Matrix multiplication

All operations on an array are element-wise. Numpy used to have a "matrix" mode, where all operations were "matrix-wise"; that is, something like * would do matrix multiplication instead of element-wise multiplication. This was ugly and messy, and has been replaced in Python 3.5+ with a matrix multipy operator, @. (Older Python: Use .matmul() or .dot().)
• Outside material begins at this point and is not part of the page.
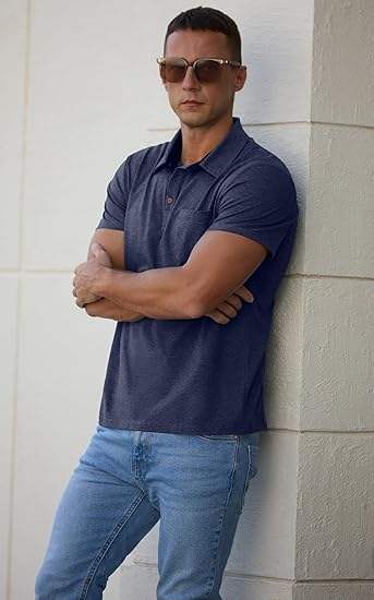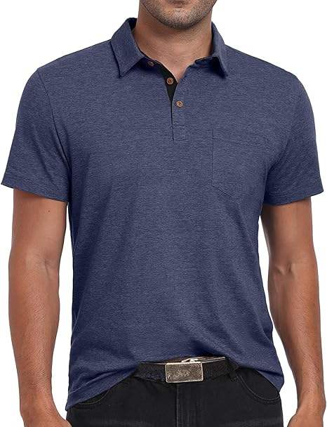 เสื้อโปโลผู้ชายผ้าฝ้ายแท้ 100% แบบใหม่ มีกระเป๋า โลโก้เรียบง่าย แขนสั้น สไตล์ลำลอง

Let's first look at the diminsion rules for matrix multiplicaiton:

[a, b] @ [b, c] = [a, c]

(np.ones([3, 4]) @ np.ones([4, 5])).shape

(3, 5)

The "inner" diminsions go away. This works for ND arrays, too:

[a] @ [a] = scalar

(np.ones([4]) @ np.ones([4])).shape

()

One of the two is allowed to have more than 2 dimensions, in which case it behaves like "stacks" of arrays:

[a,b,c] @ [c,d] = [a,b,d]

(np.ones([2, 3, 4]) @ np.ones([4, 5])).shape

(2, 3, 5)

Normal "prepend 1" broadcasting rules apply.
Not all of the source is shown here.